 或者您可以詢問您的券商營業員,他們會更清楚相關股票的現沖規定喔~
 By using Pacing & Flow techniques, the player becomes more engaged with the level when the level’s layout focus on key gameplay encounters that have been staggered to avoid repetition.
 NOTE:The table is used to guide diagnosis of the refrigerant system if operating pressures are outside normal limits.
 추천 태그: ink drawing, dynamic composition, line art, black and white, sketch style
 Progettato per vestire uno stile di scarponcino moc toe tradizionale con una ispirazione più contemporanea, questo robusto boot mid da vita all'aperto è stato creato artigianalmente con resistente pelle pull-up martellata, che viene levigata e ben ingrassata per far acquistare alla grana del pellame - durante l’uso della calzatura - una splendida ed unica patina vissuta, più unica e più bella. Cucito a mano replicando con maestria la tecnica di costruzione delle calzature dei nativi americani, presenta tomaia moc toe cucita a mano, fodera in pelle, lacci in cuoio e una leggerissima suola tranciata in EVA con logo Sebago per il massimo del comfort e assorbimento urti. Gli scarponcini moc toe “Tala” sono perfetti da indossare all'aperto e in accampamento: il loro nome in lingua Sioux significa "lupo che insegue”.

—————

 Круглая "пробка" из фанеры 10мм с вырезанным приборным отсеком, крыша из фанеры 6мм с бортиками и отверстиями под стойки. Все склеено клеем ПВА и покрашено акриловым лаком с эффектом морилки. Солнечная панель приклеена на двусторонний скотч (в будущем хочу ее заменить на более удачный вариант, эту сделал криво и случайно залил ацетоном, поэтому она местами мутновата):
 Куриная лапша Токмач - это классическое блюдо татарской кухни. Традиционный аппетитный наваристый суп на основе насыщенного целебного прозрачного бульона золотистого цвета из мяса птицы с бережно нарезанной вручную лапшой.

—————

■ DESCRIPTION OF THE TASK ■
Every line from the line containing "из фанеры 10мм" through the line containing "Куриная лапша Токмач" in the records above must be retyped exactly. Leave out the rest.

■ COMPLETED TASK ■
 Круглая "пробка" из фанеры 10мм с вырезанным приборным отсеком, крыша из фанеры 6мм с бортиками и отверстиями под стойки. Все склеено клеем ПВА и покрашено акриловым лаком с эффектом морилки. Солнечная панель приклеена на двусторонний скотч (в будущем хочу ее заменить на более удачный вариант, эту сделал криво и случайно залил ацетоном, поэтому она местами мутновата):
 Куриная лапша Токмач - это классическое блюдо татарской кухни. Традиционный аппетитный наваристый суп на основе насыщенного целебного прозрачного бульона золотистого цвета из мяса птицы с бережно нарезанной вручную лапшой.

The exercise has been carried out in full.